REQUIREMENT:
In the entries below, locate the line with "A steep increase", then give again that line and all lines after it, exactly, with pictures omitted.

Saved data entries:
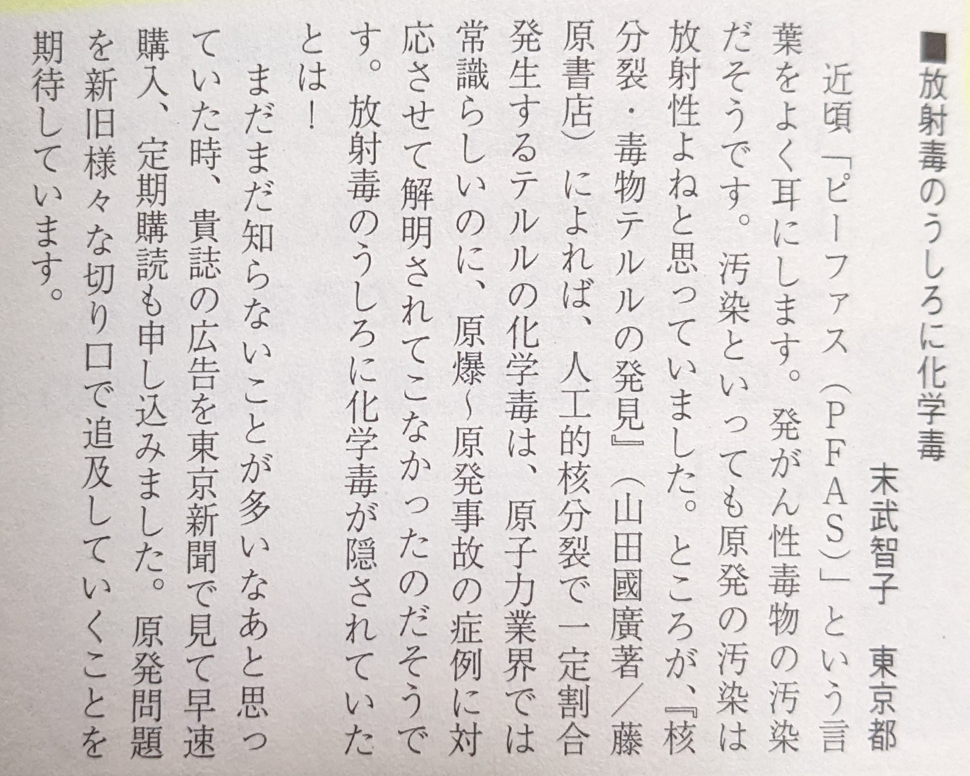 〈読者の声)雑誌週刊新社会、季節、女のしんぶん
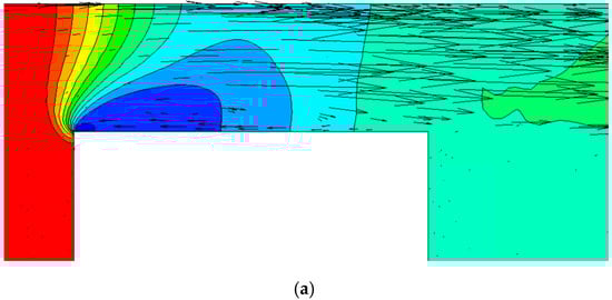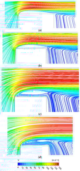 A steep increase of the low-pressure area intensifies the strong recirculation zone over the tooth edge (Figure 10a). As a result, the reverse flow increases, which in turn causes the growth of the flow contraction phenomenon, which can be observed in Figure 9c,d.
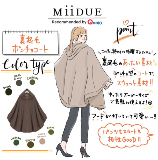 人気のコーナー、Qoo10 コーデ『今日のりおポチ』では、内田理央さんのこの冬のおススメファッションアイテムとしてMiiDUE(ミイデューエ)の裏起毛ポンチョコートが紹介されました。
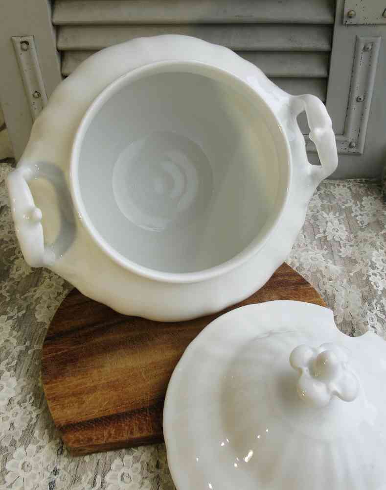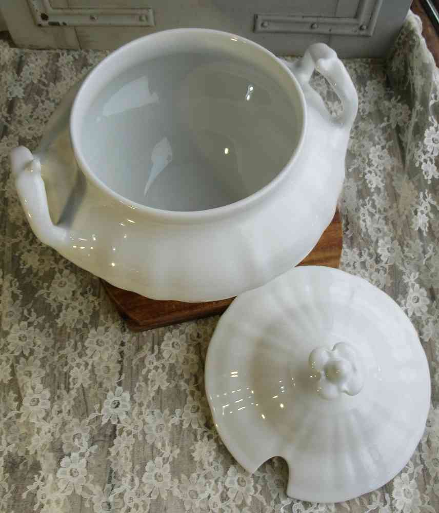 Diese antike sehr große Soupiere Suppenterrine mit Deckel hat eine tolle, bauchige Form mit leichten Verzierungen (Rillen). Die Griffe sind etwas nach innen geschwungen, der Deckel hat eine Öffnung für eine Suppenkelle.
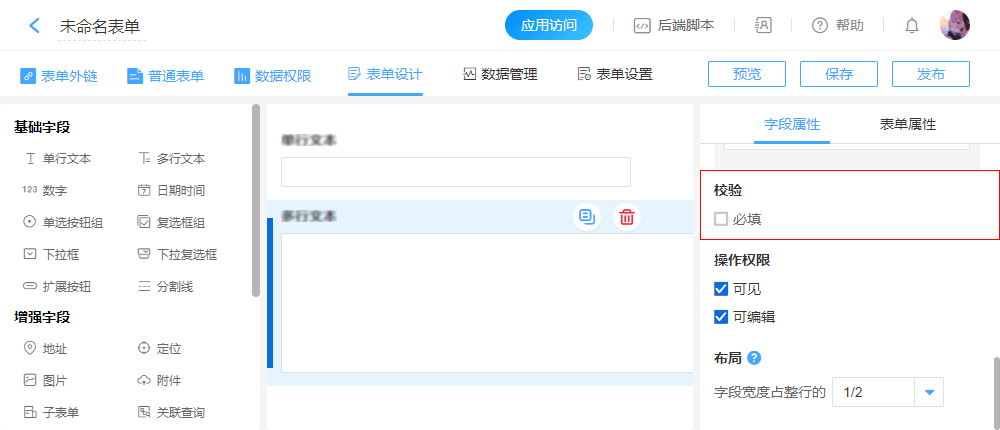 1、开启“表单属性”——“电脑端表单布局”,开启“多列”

YOUR SOLUTION:
 A steep increase of the low-pressure area intensifies the strong recirculation zone over the tooth edge (Figure 10a). As a result, the reverse flow increases, which in turn causes the growth of the flow contraction phenomenon, which can be observed in Figure 9c,d.
 人気のコーナー、Qoo10 コーデ『今日のりおポチ』では、内田理央さんのこの冬のおススメファッションアイテムとしてMiiDUE(ミイデューエ)の裏起毛ポンチョコートが紹介されました。
 Diese antike sehr große Soupiere Suppenterrine mit Deckel hat eine tolle, bauchige Form mit leichten Verzierungen (Rillen). Die Griffe sind etwas nach innen geschwungen, der Deckel hat eine Öffnung für eine Suppenkelle.
 1、开启“表单属性”——“电脑端表单布局”,开启“多列”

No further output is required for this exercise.